Пришлось доверить свою жизнь этим двум рабочим, поскольку только они знали «подземную» топографию города. В середине пути они вдруг решили повернуть назад, не желая больше сопровождать нас, так что даже пришлось пригрозить им оружием. Мы все дальше углублялись в подземные коридоры, пока в какой-то момент один из рабочих не сказал нам, что мы находимся непосредственно под территорией гетто. Рижек остался сторожить рабочих, чтобы они не могли сбежать. Поднатужившись, я сам открыл канализационный люк. И вот я в гетто, один. В бункере на улице Мила, 18, я уже никого не застал – опоздал на целые сутки. Мой тайный визит состоялся в ночь с 8 на 9 мая, а бункер был обнаружен немцами еще 8-го утром.

Большая часть находившихся в бункере людей покончили с собой или были отравлены газом.

Потом я отправился в другой бункер – на Францисканскую, 22. Когда я выкрикнул пароль, никто не отозвался, и мне пришлось продолжить свой путь в глубь гетто. Внезапно я услышал женский голос, который доносился из развалин.

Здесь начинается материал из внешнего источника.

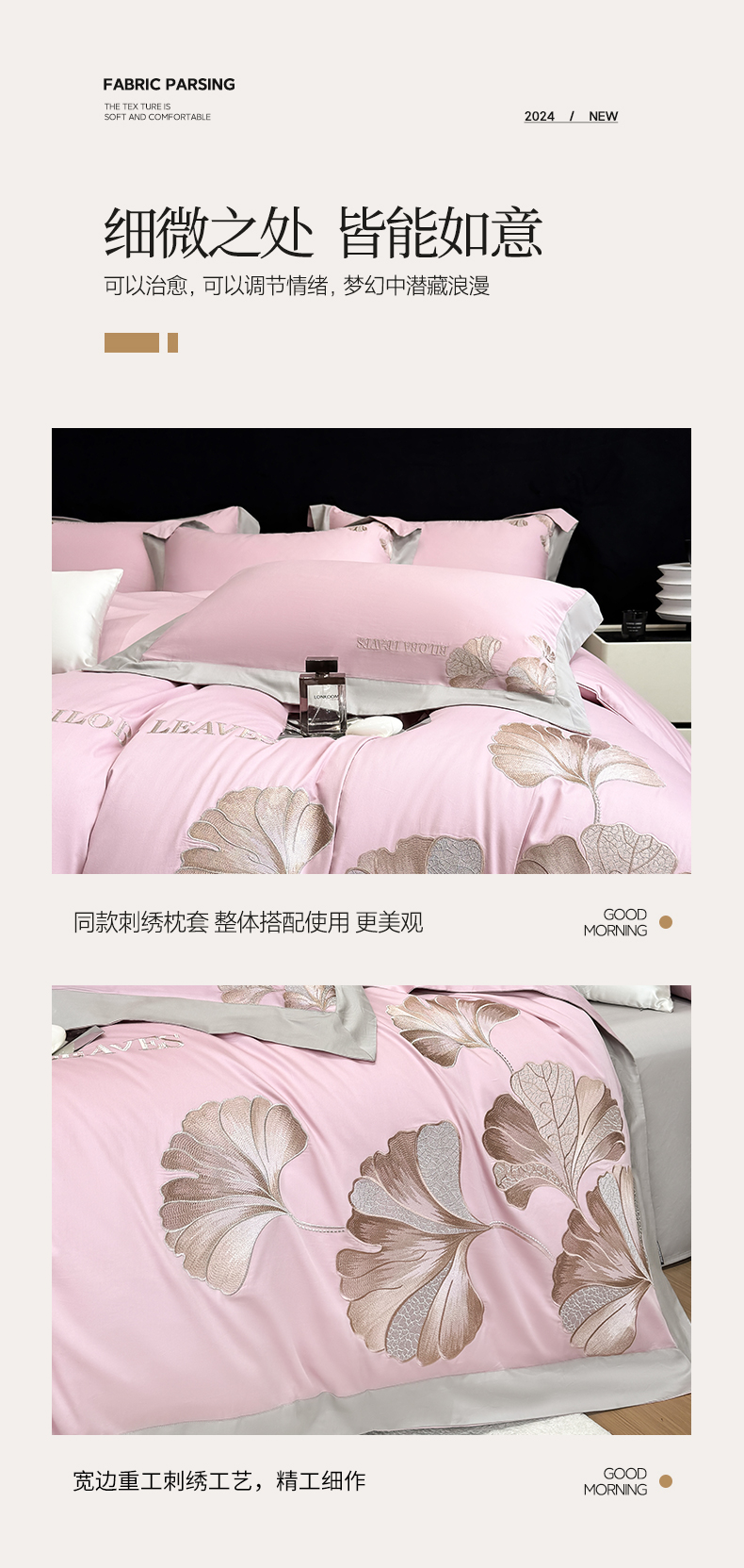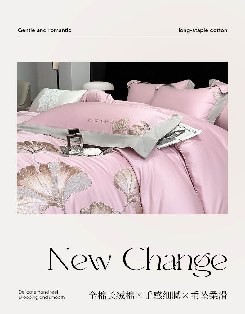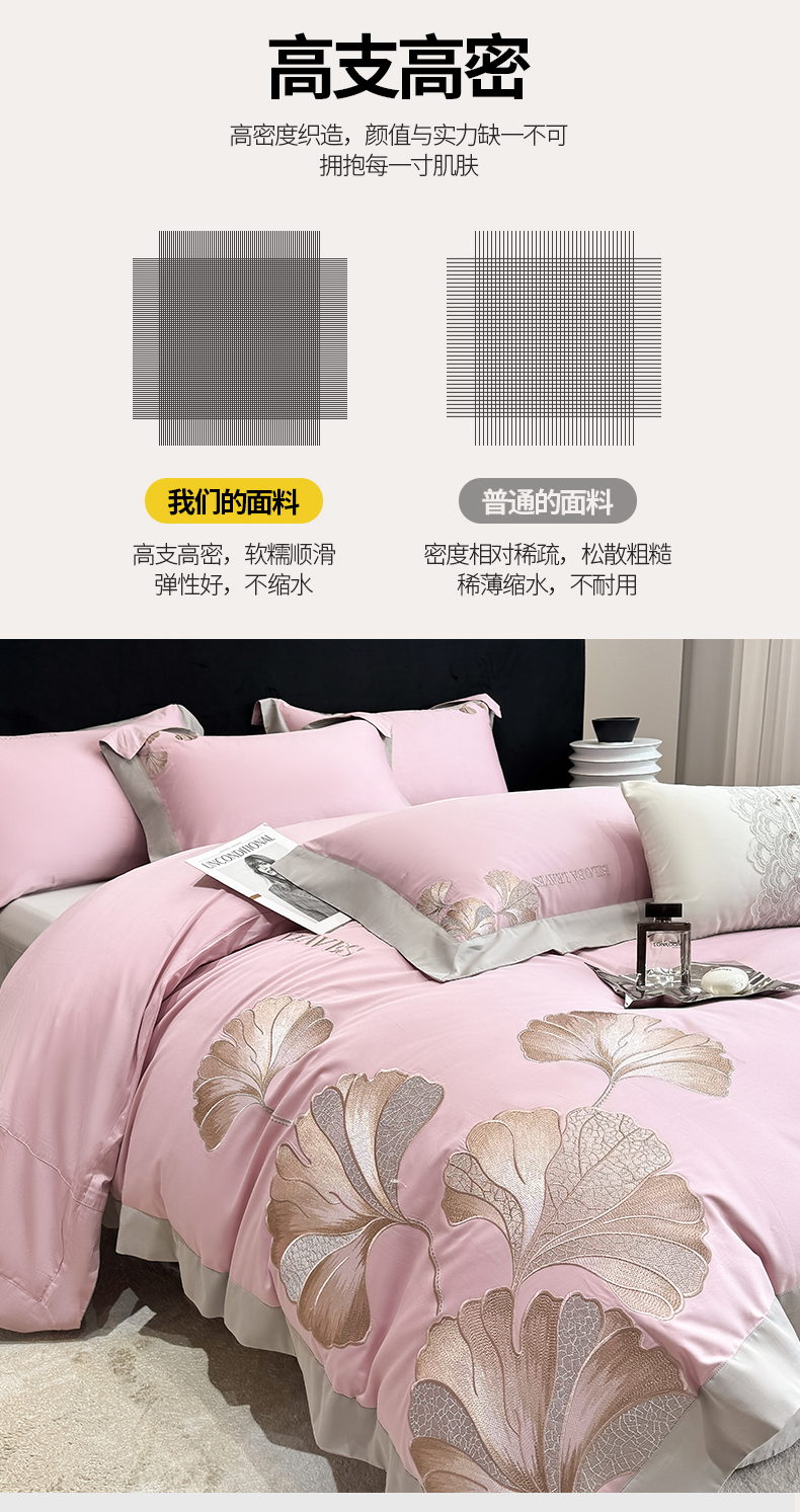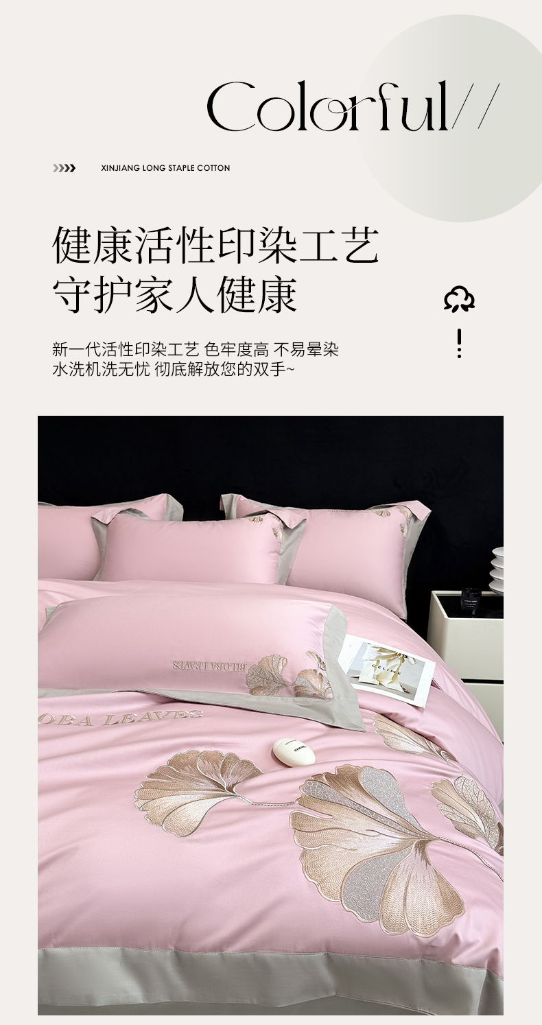 商品名称:家居1号 2025新款a类长绒棉绣花四件套 金色银杏-玫瑰粉

Стояла ночь, непроглядная ночь, ни зги не видно, кругом ни огонька, ни просвета, только развалины и дома, готовые в любую минуту превратиться в развалины, и этот голос, одинокий голос; он показался мне каким-то наваждением, знаком судьбы – женский голос, доносящийся откуда-то из-под земли. Я… я обошел развалины домов. Время я, конечно, не засекал, но думаю, что добрых полчаса кружил среди обломков домов, пытаясь определить место, откуда доносится голос; к сожалению, сделать это мне не удалось.

Кругом горели дома?

Не то чтобы они в прямом смысле слова горели, потому что я не видел над ними пламени. Однако в воздухе стоял дым и еще этот нестерпимый запах, запах обгоревшей плоти – от мертвых тел, от людей, сгоревших заживо. Я продолжал свой путь. Посетил другие бункеры, где надеялся найти кого-нибудь из товарищей, но каждый раз повторялась та же история: я выкрикивал пароль «Ян»…

Ян – это польское имя?

Да… И никакого ответа. От одного бункера я бежал к другому, за несколько часов обошел все гетто, но вернулся ни с чем.

В тот момент он был один?

Да, я все время был один. Не считая женщины, чей голос я слышал в развалинах, и мужчины, на которого я наткнулся, когда вылез из канализации, в течение всех своих поисков я был один; по пути мне не встретилась ни одна живая душа. Помню, в какой-то момент я испытал чувство покоя, безмятежности и сказал себе: «Я последний еврей; остается ждать утра, остается ждать немцев».